The specific actual combat can be operated according to the article reproduction in the link , To get familiar with the process .
Input data format :
1、 Gene expression matrix : Genes are good , Samples are listed . You can use Deseq2 in varianceStabilizingTransformation
or log2(x+1)
Transform the standardized data . If the data comes from different batches , You need to remove the batch effect first ( I remember that the last transcriptome training class talked about how to operate ).
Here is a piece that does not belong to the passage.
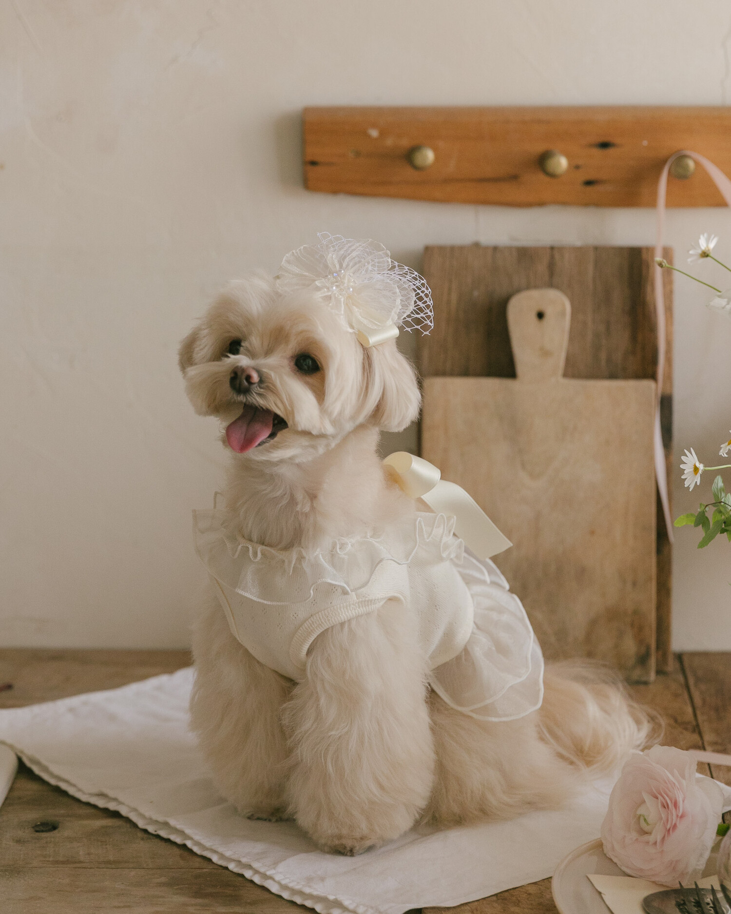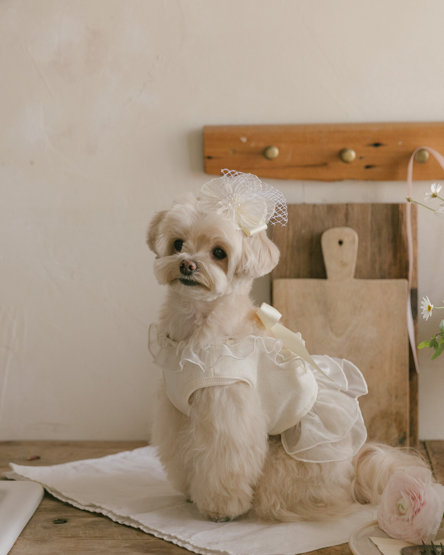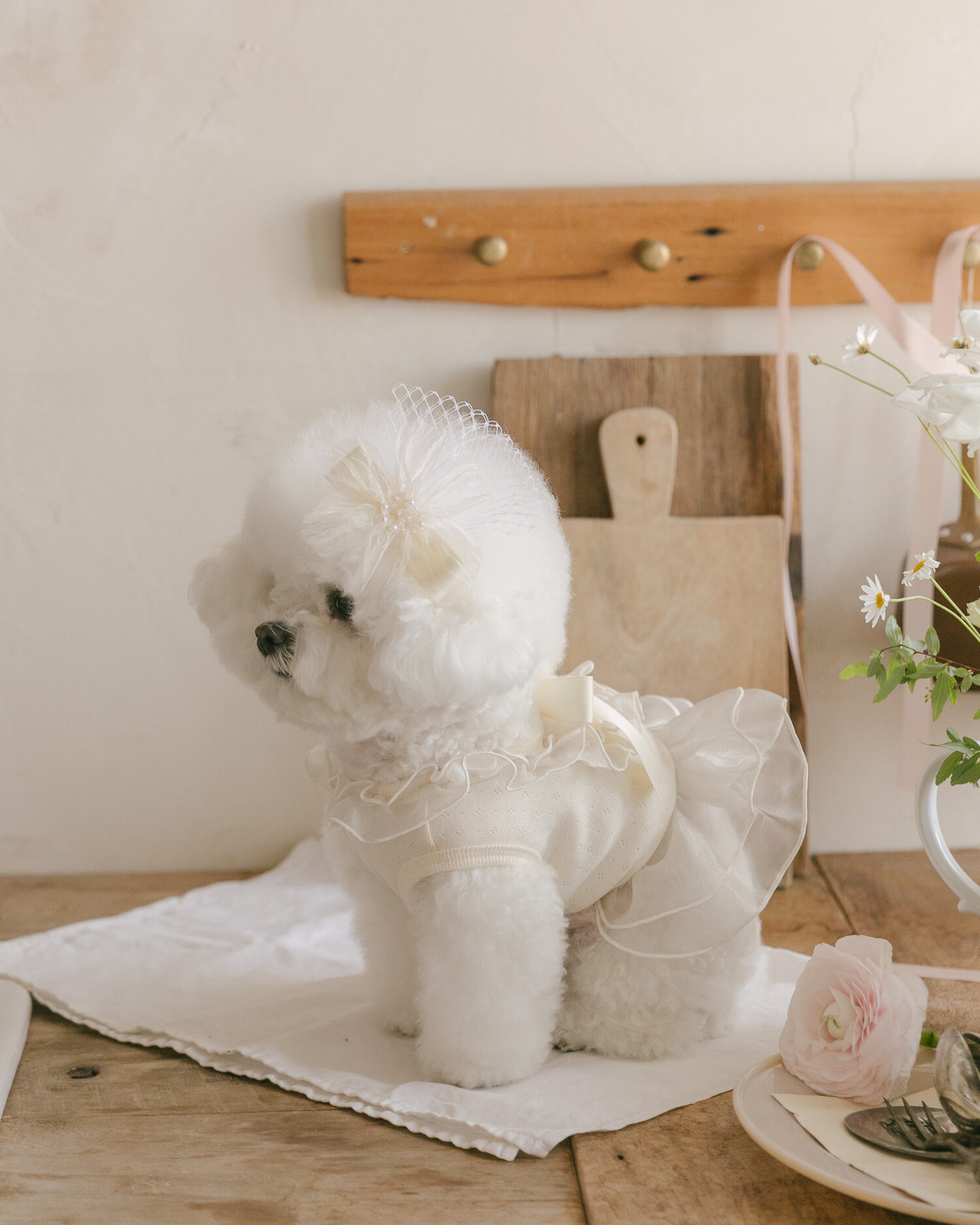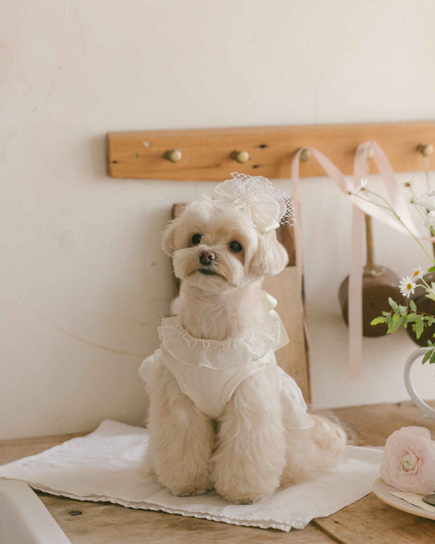 웨딩시즌에 맞춰 화동룩으로도 예쁘게 입히실 수 있게 베일 느낌의 플라워 핀도 함께 준비했습니다
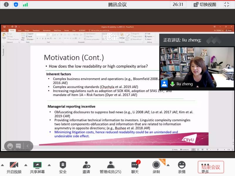 2020年12月3日,会计与财务学术论坛第26期线上开讲,香港城市大学会计系郑柳副教授作“‘天书’年报:诉讼风险的非预期后果”讲座,经管学院邬瑜骏老师主持,学院师生参与研讨。以下是讲座主要内容:

If the data has a system offset , Need to do quantile normalization
. perhaps normalizeBetweenArrays().
2、 Trait matrix : It must be continuous or sub type of value (0/1).
3、 Undirected networks are power Less than 15
Or directed network power Less than 30
Inside , None of them power Value can make the scale-free network map structure R^2 achieve 0.8 Or the average connectivity drops to 100 following , It may be because some samples are too different from other samples . This may be caused by Batch effect
、 Sample heterogeneity
or Experimental conditions have too much influence on expression
And so on , You can view grouping information by plotting sample clusters 、 Associate batch information 、 Process information and whether there are abnormal samples if this is really caused by meaningful biological changes , Experience can also be used power value
reference :
WGCNA analysis , Simple and comprehensive latest tutorial – All over the world
边栏推荐
- acwing 3302. 表达式求值
- Android原生数据库的基本使用和升级
- 华为ensp模拟器 配置ACL访问控制列表
- Remember to build wheels repeatedly at one time (the setting instructions of obsidian plug-in are translated into Chinese)
- 2021 CCPC 哈尔滨 B. Magical Subsequence(思维题)
- __ init__ () missing 2 required positive arguments
- 【Try to Hack】宽字节注入
- 【服务器数据恢复】某品牌服务器存储raid5数据恢复案例
- Go language notes (4) go common management commands
- PS竖排英文和数字文字怎么改变方向(变竖直显示)
猜你喜欢
随机推荐
[1200. Minimum absolute difference]
What are the functional modules of RFID warehouse management system solution
TweenMax表情按钮js特效
华为ensp模拟器 配置ACL访问控制列表
网件r7000梅林系统虚拟内存创建失败,提示USB磁盘读写速度不满足要求解决办法,有需要创建虚拟内存吗??
Day24: file system
maya灯建模
Solution of 5g unstable 5g signal often dropped in NetWare r7000 Merlin system
多模輸入事件分發機制詳解
杰理之AD 系列 MIDI 功能说明【篇】
Poster cover of glacier
哈希表、哈希函数、布隆过滤器、一致性哈希
async await 在map中使用
admas零件名重复
Pytorch---使用Pytorch实现LinkNet进行语义分割
WGCNA分析基本教程总结
GVM use
杰理之增加进关机前把触摸模块关闭流程【篇】
Day24:文件系统
Roast B station charges, is it because it has no money?